Claudia is standing on the veranda, shielding her eyes from the sun.
‘Isn’t it awful?’ she says. ‘Howard just imported them from Japan.’
‘I’ve got five thousand of them sitting in a warehouse off the M25,’ Howard confirms, delightedly.
Thomas looks at the thing. He tries not to seem aloof, though it disgusts him, disappoints him, this latest proof of Howard’s indiscriminateness. By Christmas, a miniature electric motorbike will have made its inevitable way into the province of childhood desire. He feels, suddenly, that it is Howard’s fault, that he could stop it, if he chose to.
‘What does it run off?’
‘You charge them from a unit that feeds straight out of a domestic plug,’ Howard says. ‘They do twenty miles an hour on the flat.’
‘Can you imagine anything more repulsive?’ Claudia says. ‘The noise alone is enough to drive you out of your senses. And you won’t believe what they cost —’
‘Five hundred, online price,’ Howard says, nudging Thomas in the ribs.
‘You’d have to be sick,’ Claudia says. ‘Don’t you think?’
Tonie is standing with her hands on the rail, looking down at the lawn. She has put her dark glasses on again. Today she is dressed all in black, black trousers and shirt, a black leather jacket.
‘Oh, come on,’ she says, smiling. ‘It looks fun.’

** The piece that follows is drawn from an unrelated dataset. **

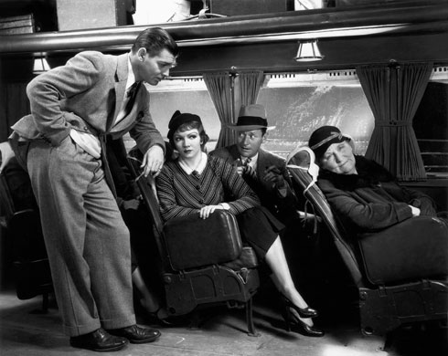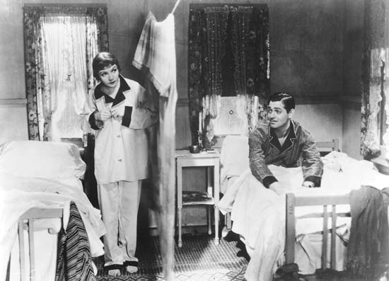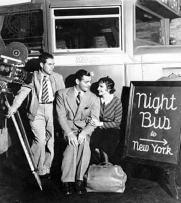 On class distinctions – Placing a rich, spoiled brat (how Peter refers to Ellie throughout the film) on the road to travel as “common” people lends itself to plenty of situations where we can see the differences between the classes and many fun exchanges and situations.  For instance, when Ellie gets off the bus and asks the bus driver to wait for her she completely expects him to comply because she is used to being catered to.  Also, while she and Peter are experiencing difficulties during their travels with weather and lack of money, etc., we see the contrast to her father’s looking for her where everything is at his whim, including getting a plane to fly at a moment’s notice despite inclement weather.  Even the elements affect the rich and famous in very different ways than they do the poor.  When Elie wakes up at the bus depot room and goes out to shower she walks right up to the front of the line, completely ignoring the other women waiting there.  Again, she is not accustomed to waiting for anything.  The bus itself and the riders on it serve as a perfect example of how middle to lower class people often find entertainment in simple things like the sing-a-long of the trapeze song, one of my favorite scenes in the film.  The fact that they can all join in the song shows that they have a lot in common besides the actual bus ride.  These people seem perfectly comfortable in the cramped quarters of the bus and with having to fill their time with the small things that matter, all things that one wouldn’t expect the upper crust of society to be familiar or content with.  There are many other examples in this film to show the differences between the classes, including the fact that Peter is able to find food when he needs to (the carrots) but she resists eating them “raw” and dirty even though she’s starving.  There’s one other scene in particular that is poignant and worth mentioning in regard to class differences – after Ellie calls her father to come pick her up, he does so with police escort and chauffeur, meanwhile Peter is happily returning to her in his smoking, shaky jalopy and flat tire.  It’s so romantic, sweet and truthful – a huge step up for him from having to hitchhike – yet such a contrast to the police-escorted motorcade that whizzes by him.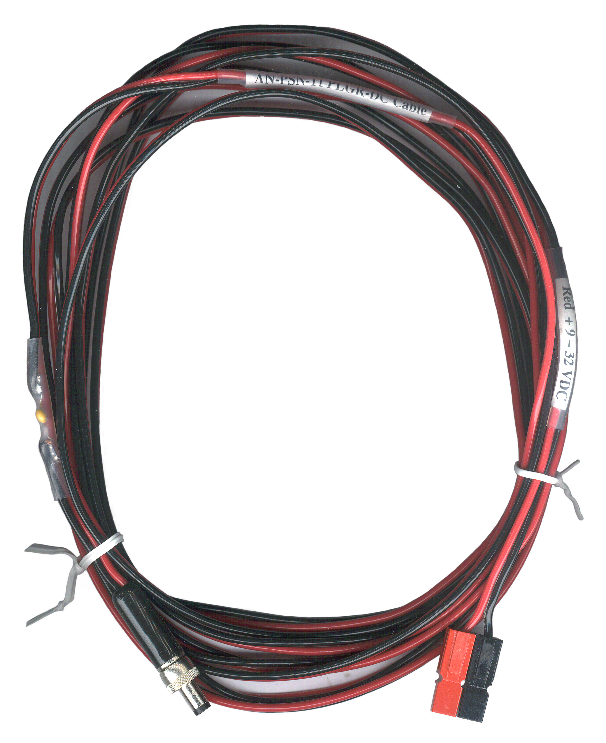A 15 foot long cable with Power Pole connectors in the standard ARES configuration (since the PLGR will run from a "12 Volt" vehicle system (10 to 15 Volts actual) as well as from a military "24 Volt" system (20 to 30 Volts actual). It has a resettable fuse to protect from:

Claudia draws to Tonie’s side, fingers the lapel of her jacket. She does not, Thomas thinks, like to be thought of as anti-fun.
‘Darling, you’re très rock today,’ she says, admiringly. ‘I felt sure you were a disapproving liberal, but now I can see how wrong I was.’

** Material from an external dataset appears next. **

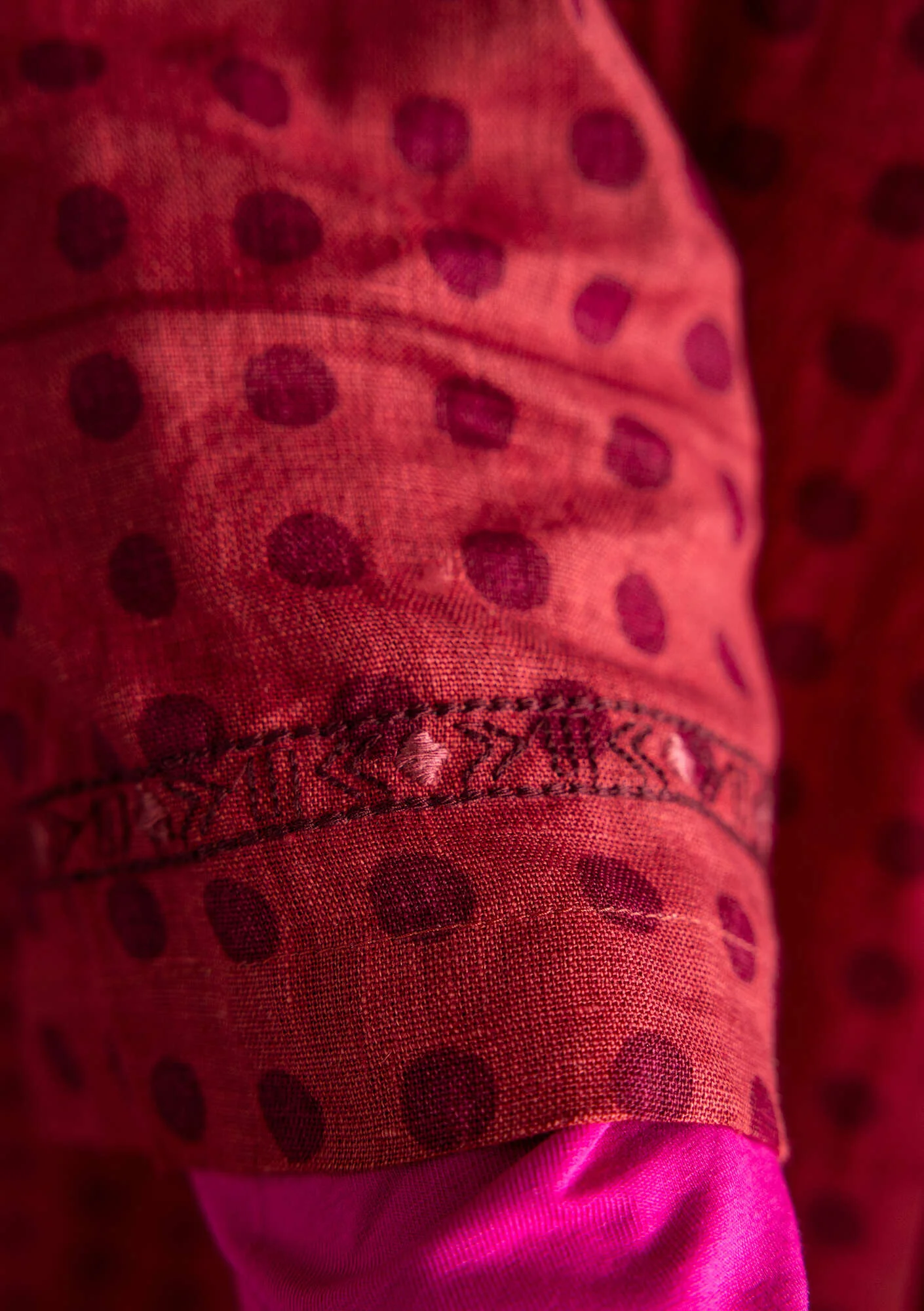 - Front and back V-yoke. Front button detailing and a small pleat for extra width. Three-quarter-length sleeves with embroidered detailing on the cuffs. Concealed side pockets.

She herself wears old clogs, a poncho, flared corduroy trousers. When Howard met Claudia she was still a student at art college. It is part of the mythology of Claudia and Howard’s life that he carried her off before she could finish her degree. The myth makes it difficult to remember exactly what happened. Claudia has a painting studio at the bottom of the garden, a kind of memorial to her forsaken career. To Thomas her clothes are symbolic too, commemorative, like the uniforms veterans wear on Remembrance Day to remind people of their sacrifices.
‘I approve of everything now,’ Tonie says.

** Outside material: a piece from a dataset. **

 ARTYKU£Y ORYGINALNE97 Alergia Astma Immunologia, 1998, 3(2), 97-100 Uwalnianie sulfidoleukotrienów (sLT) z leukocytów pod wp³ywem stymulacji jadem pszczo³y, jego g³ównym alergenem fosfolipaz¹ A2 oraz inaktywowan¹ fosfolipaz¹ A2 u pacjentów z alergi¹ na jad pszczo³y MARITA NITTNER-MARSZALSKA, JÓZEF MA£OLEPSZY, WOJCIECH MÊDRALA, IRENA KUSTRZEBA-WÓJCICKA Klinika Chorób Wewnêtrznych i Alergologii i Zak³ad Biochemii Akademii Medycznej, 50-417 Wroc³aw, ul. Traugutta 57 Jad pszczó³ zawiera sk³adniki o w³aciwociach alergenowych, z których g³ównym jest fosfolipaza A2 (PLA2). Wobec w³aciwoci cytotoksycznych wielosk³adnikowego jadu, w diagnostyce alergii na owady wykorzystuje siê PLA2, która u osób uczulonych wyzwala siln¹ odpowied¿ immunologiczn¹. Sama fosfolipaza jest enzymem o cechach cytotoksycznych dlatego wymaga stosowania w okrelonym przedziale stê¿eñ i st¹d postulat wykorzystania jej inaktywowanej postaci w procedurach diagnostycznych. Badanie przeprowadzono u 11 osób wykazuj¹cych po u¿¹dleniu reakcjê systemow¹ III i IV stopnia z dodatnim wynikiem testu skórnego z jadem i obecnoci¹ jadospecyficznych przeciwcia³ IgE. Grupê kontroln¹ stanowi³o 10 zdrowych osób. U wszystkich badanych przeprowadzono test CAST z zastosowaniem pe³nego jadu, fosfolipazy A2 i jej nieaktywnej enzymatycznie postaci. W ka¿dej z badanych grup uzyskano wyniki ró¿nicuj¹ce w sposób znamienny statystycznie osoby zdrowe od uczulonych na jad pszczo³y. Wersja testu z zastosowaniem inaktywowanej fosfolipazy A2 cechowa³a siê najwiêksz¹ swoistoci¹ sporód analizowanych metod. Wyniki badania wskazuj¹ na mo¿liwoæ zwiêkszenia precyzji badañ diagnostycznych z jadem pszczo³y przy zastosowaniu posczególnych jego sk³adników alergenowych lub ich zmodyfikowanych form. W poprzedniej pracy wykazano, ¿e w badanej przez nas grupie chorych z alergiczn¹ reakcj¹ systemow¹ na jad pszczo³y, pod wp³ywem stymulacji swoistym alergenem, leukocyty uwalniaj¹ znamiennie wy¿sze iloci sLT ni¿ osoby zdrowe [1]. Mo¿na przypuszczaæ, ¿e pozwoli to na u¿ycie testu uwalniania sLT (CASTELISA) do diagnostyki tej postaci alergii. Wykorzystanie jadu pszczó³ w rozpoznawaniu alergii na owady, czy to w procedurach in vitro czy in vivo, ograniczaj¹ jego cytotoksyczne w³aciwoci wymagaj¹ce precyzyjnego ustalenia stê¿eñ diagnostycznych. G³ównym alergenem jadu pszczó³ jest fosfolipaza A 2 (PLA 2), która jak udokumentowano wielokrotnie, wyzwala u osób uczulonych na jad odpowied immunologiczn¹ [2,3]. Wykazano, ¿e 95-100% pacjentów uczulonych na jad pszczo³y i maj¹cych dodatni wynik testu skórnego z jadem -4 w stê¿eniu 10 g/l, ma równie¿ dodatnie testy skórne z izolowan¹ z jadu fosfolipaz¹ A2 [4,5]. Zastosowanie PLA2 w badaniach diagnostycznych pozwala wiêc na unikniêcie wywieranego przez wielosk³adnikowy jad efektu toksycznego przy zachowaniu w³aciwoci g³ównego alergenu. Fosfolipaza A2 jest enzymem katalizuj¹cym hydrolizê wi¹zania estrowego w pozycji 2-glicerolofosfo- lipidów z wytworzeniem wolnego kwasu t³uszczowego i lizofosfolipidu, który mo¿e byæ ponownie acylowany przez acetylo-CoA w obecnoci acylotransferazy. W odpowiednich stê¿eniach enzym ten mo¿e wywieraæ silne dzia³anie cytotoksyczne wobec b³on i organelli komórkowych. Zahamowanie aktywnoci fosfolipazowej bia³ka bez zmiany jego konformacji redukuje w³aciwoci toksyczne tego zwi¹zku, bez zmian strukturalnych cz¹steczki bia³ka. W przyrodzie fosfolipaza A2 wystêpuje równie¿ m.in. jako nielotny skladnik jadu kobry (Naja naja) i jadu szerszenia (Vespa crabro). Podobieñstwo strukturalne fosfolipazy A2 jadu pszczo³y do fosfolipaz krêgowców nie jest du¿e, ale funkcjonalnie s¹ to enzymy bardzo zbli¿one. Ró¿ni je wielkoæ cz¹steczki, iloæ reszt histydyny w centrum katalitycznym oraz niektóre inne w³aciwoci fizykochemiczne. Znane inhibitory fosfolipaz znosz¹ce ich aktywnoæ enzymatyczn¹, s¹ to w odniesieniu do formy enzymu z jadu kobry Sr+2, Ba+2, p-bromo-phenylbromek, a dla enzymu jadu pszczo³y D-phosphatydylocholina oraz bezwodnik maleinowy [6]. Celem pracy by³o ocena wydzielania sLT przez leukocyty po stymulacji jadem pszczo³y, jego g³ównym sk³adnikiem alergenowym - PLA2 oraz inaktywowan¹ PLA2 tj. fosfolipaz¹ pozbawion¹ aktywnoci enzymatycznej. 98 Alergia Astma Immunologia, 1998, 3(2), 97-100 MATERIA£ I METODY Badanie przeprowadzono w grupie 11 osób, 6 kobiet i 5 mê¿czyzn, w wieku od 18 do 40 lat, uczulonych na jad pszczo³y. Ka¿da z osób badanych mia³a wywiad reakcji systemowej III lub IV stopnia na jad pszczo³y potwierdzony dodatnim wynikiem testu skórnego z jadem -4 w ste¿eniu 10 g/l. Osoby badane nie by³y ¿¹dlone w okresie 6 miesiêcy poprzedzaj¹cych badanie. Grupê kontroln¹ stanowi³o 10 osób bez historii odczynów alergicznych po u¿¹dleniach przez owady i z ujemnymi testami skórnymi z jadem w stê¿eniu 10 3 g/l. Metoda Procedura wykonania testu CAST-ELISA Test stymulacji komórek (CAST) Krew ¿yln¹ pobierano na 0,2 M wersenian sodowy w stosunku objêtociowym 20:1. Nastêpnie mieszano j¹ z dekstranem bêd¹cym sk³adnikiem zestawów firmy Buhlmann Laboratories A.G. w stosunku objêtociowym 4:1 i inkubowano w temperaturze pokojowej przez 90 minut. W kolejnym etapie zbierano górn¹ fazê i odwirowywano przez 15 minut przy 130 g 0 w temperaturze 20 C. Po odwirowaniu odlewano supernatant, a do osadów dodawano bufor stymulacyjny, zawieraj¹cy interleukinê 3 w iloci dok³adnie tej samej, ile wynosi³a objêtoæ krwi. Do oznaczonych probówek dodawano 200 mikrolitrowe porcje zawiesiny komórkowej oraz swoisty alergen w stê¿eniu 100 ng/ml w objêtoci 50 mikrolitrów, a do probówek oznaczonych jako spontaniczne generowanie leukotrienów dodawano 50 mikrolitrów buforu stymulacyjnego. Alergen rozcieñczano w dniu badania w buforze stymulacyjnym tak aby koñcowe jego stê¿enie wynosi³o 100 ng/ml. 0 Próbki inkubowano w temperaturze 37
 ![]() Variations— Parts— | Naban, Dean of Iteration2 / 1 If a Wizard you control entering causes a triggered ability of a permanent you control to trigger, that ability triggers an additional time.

‘What a pleasing thought,’ Claudia says brightly. ‘I grow increasingly bitter. I’m turning to vinegar, like corked wine.’
‘Oh, darling,’ Howard says.
‘The thing is,’ she continues, ‘I just don’t want to believe people will buy them. I don’t want to believe they’re that stupid.’
Howard puts his arm around her, red-faced, smiling beatifically.
‘Let’s bloody hope they are,’ he says.
‘You see?’ Claudia says triumphantly, though it is unclear what they are meant to be seeing.
‘Well,’ Howard says reproachfully, ‘we’ve got to pay the mortgage somehow.’
‘If it were up to me,’ Claudia announces, ‘there wouldn’t be any mortgage.’
Howard looks bemused, as though, unlike everyone else, he has never heard Claudia say such things before. ‘Claude, it is up to you.’
Claudia sighs. ‘Why do we need all this? All this — establishment. Other people don’t need so much. Personally I’d be happy to make do with far less.’ Her gaze wanders over the bulky brick-coloured house, the expansive lawn, the trees in their autumn foliage, the numerous children. She appears to be deciding which parts of it she could dispense with. ‘All I really need is my studio. The way things are, I hardly go in there from one month to the next. I don’t have time.’